**The task:** Could you retype exactly the lines below between the one holding "Это не буклет" and the one holding "The Tribute is", inclusive, leaving out any pictures?

**Supplied material:**
[Start of Attachment]

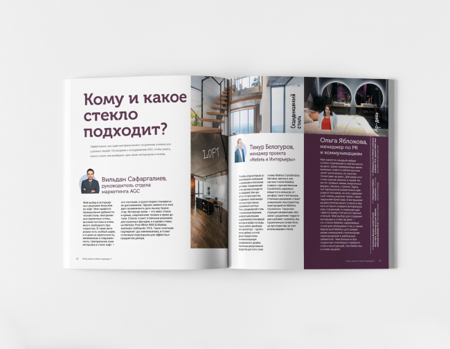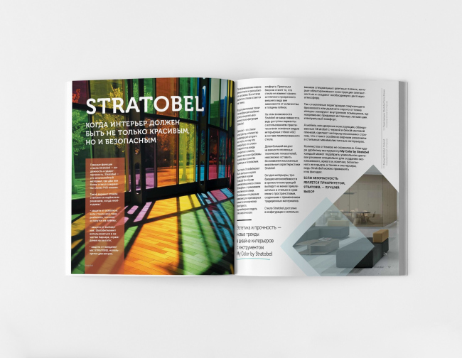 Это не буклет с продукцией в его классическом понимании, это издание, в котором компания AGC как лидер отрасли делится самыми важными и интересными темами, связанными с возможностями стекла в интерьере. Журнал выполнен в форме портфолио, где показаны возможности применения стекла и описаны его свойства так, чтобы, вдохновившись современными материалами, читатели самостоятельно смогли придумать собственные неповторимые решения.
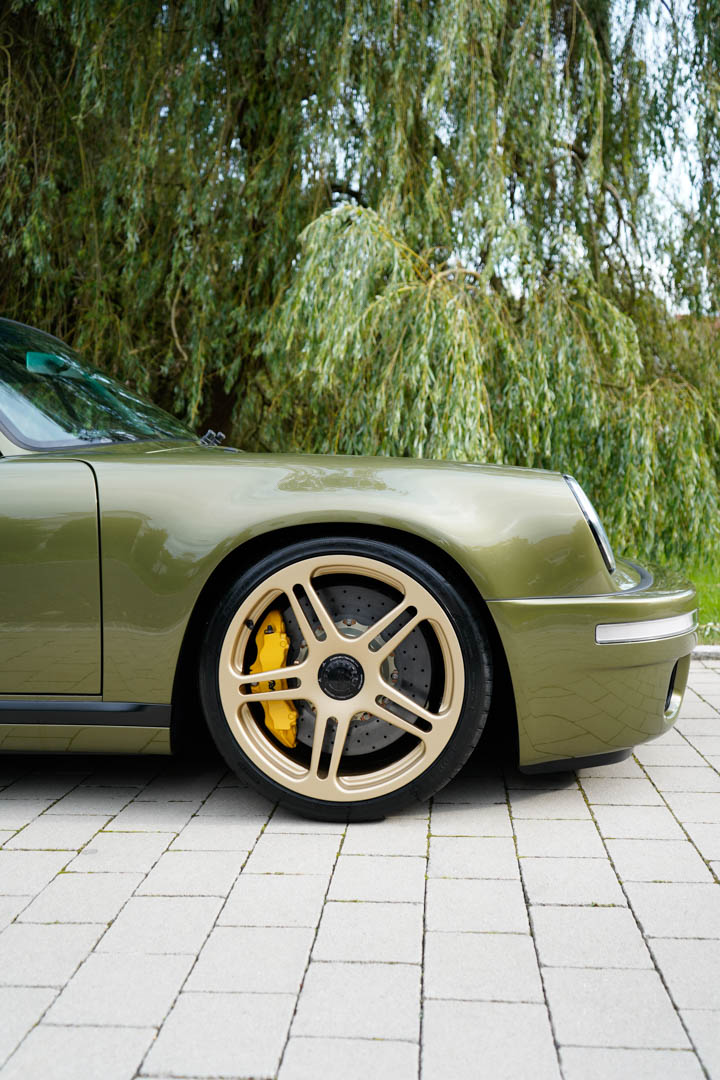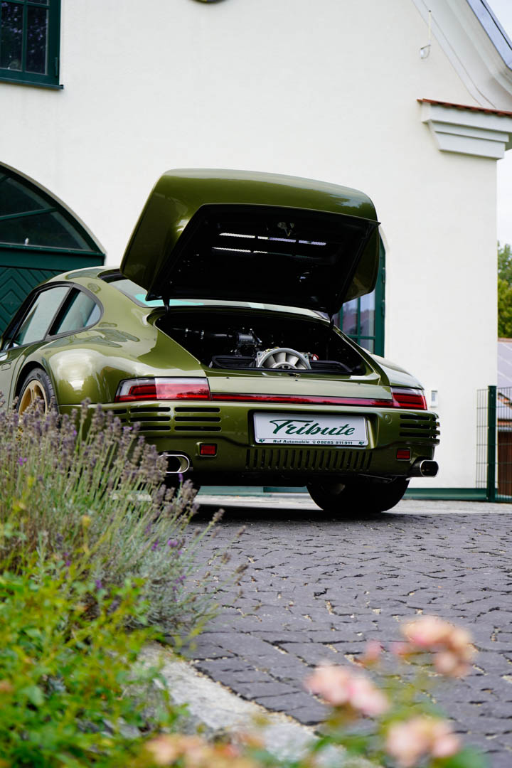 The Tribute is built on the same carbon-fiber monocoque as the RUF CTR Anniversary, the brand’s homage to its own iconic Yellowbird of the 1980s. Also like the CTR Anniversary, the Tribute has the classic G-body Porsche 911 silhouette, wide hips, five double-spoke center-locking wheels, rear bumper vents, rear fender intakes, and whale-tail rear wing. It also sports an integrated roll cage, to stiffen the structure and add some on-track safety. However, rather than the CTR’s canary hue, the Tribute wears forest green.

[End of Attachment]
[Start of Attachment]

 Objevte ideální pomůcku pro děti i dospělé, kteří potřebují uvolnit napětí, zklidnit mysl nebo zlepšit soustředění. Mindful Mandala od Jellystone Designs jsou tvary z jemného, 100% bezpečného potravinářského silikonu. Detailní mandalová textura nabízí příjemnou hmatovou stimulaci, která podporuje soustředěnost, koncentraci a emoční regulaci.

[End of Attachment]

**Response:**
 Это не буклет с продукцией в его классическом понимании, это издание, в котором компания AGC как лидер отрасли делится самыми важными и интересными темами, связанными с возможностями стекла в интерьере. Журнал выполнен в форме портфолио, где показаны возможности применения стекла и описаны его свойства так, чтобы, вдохновившись современными материалами, читатели самостоятельно смогли придумать собственные неповторимые решения.
 The Tribute is built on the same carbon-fiber monocoque as the RUF CTR Anniversary, the brand’s homage to its own iconic Yellowbird of the 1980s. Also like the CTR Anniversary, the Tribute has the classic G-body Porsche 911 silhouette, wide hips, five double-spoke center-locking wheels, rear bumper vents, rear fender intakes, and whale-tail rear wing. It also sports an integrated roll cage, to stiffen the structure and add some on-track safety. However, rather than the CTR’s canary hue, the Tribute wears forest green.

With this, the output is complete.